# Action item:
Exercise in exact copying: restate word for word only the lines below from the one containing "Chaqueta Carhartt con" through the one containing "maar creatief denkend", omitting any pictures.

# Exercise input:
# # #
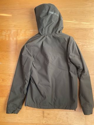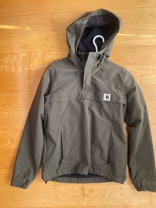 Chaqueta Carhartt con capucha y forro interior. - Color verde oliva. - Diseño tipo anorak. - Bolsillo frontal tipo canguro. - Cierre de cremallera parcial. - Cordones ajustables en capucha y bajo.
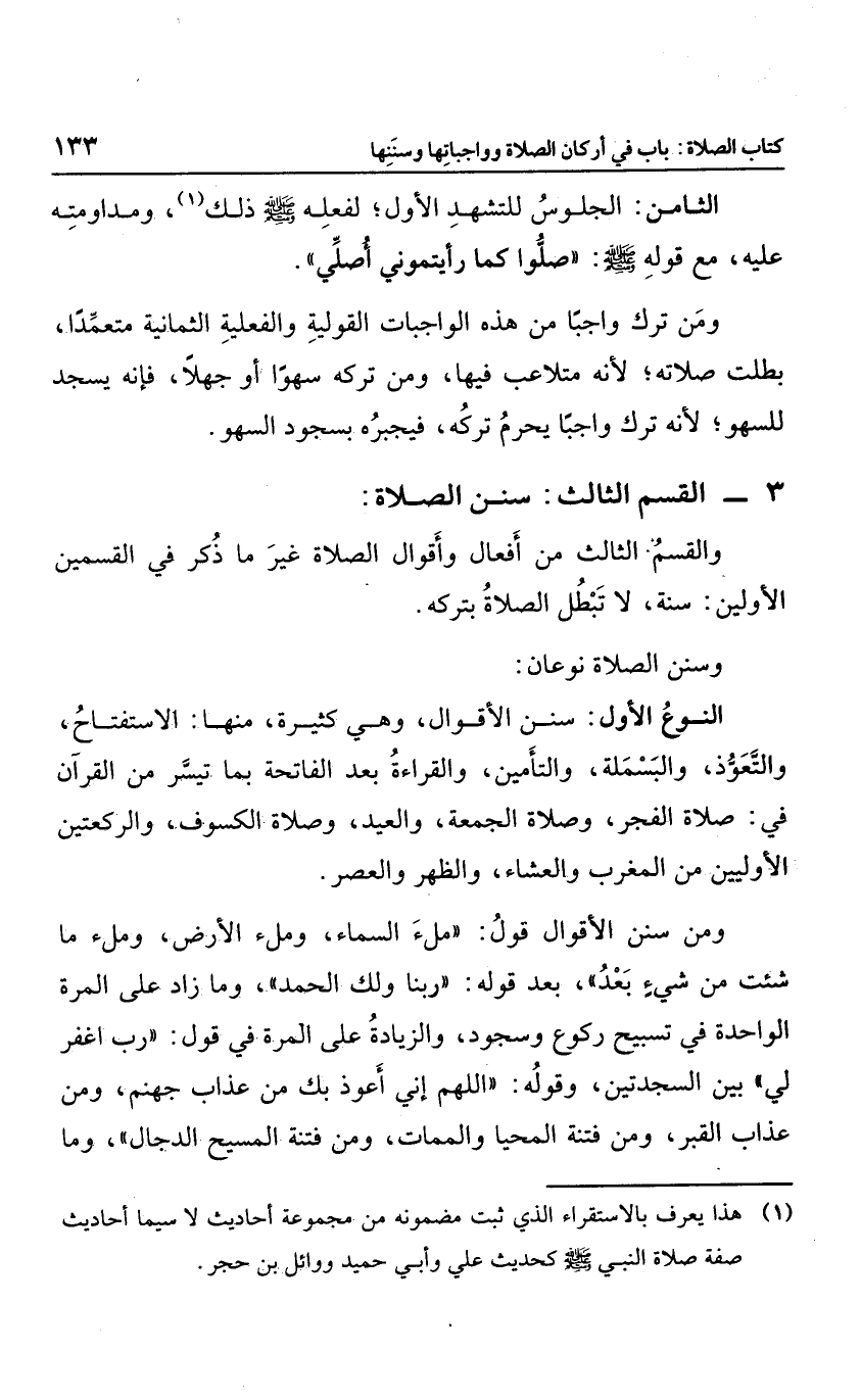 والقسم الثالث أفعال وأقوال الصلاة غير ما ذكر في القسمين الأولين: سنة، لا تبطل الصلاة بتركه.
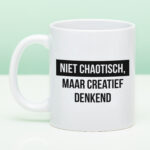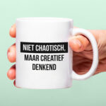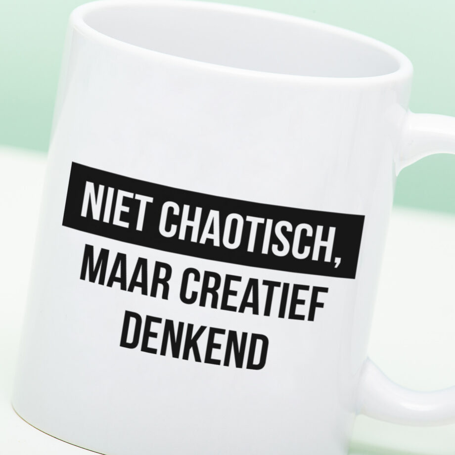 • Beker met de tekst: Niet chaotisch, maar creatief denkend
# # #
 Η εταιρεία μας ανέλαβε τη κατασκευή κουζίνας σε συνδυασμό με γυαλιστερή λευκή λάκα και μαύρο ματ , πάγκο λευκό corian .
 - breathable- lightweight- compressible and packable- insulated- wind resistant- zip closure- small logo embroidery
# # #
# Task response:
 Chaqueta Carhartt con capucha y forro interior. - Color verde oliva. - Diseño tipo anorak. - Bolsillo frontal tipo canguro. - Cierre de cremallera parcial. - Cordones ajustables en capucha y bajo.
 والقسم الثالث أفعال وأقوال الصلاة غير ما ذكر في القسمين الأولين: سنة، لا تبطل الصلاة بتركه.
 • Beker met de tekst: Niet chaotisch, maar creatief denkend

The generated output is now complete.